For a much more complete picture of CPU performance, see Agner Fog's microarchitecture guide and instruction tables. (Also his Optimizing C++ and Optimizing Assembly guides are excellent). See also other links in the x86 tag wiki, especially Intel's optimization manual.
See also
https://uops.info/ for accurate tables collected programmatically from microbenchmarks, so they're free from editing errors like Agner's tables sometimes have.
How many CPU cycles are needed for each assembly instruction?
and What considerations go into predicting latency for operations on modern superscalar processors and how can I calculate them by hand? for more details about using instruction-cost numbers.
What is the efficient way to count set bits at a position or lower?
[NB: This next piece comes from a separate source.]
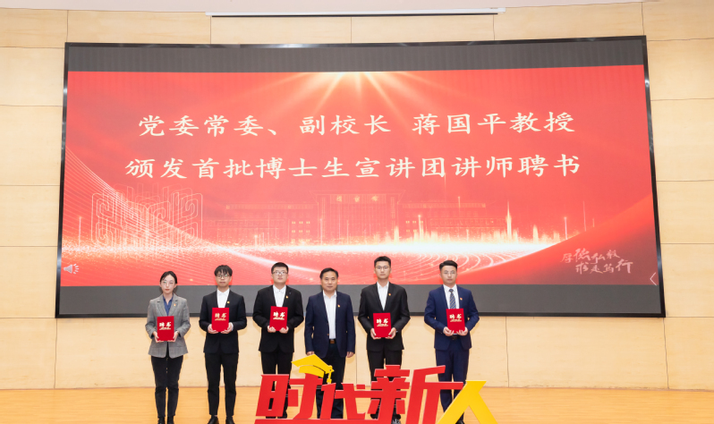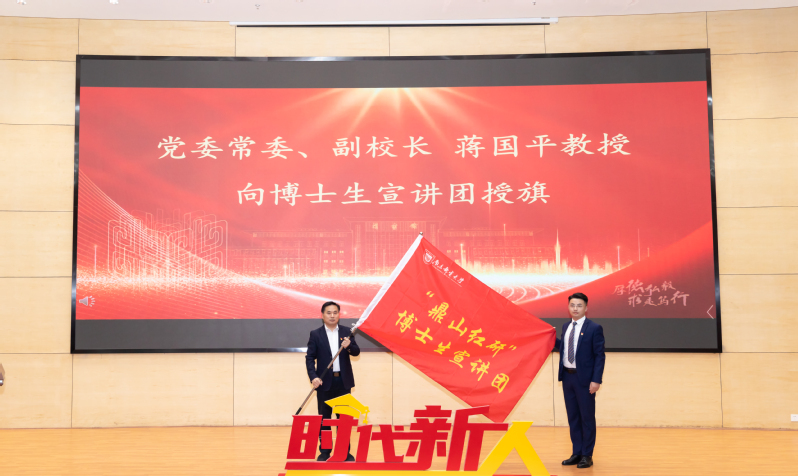 蔣國(guó)平副校長(zhǎng)為博士生宣講團(tuán)授旗,為首批講師頒發(fā)聘書(shū)

For an example of analyzing short sequences of asm in terms of front-end uops, back-end ports, and latency.
Modern Microprocessors: A 90-Minute Guide! very good intro to the basics of CPU pipelines and HW design constraints like power.
Latency and throughput for a single instruction are not actually enough to get a useful picture for a loop that uses a mix of vector instructions. Those numbers don't tell you which intrinsics (asm instructions) compete with each other for throughput resources (i.e. whether they need the same execution port or not). They're only sufficient for super-simple loops that e.g. load / do one thing / store, or e.g. sum an array with _mm_add_ps or _mm_add_epi32.
You can use multiple accumulators to get more instruction-level parallelism, but you're still only using one intrinsic so you do have enough information to see that e.g. CPUs before Skylake can only sustain a throughput of one _mm_add_ps per clock, while SKL can start two per clock cycle (reciprocal throughput of one per 0.5c). It can run ADDPS on both its fully-pipelined FMA execution units, instead of having a single dedicated FP-add unit, hence the better throughput but worse latency than Haswell (3c lat, one per 1c tput).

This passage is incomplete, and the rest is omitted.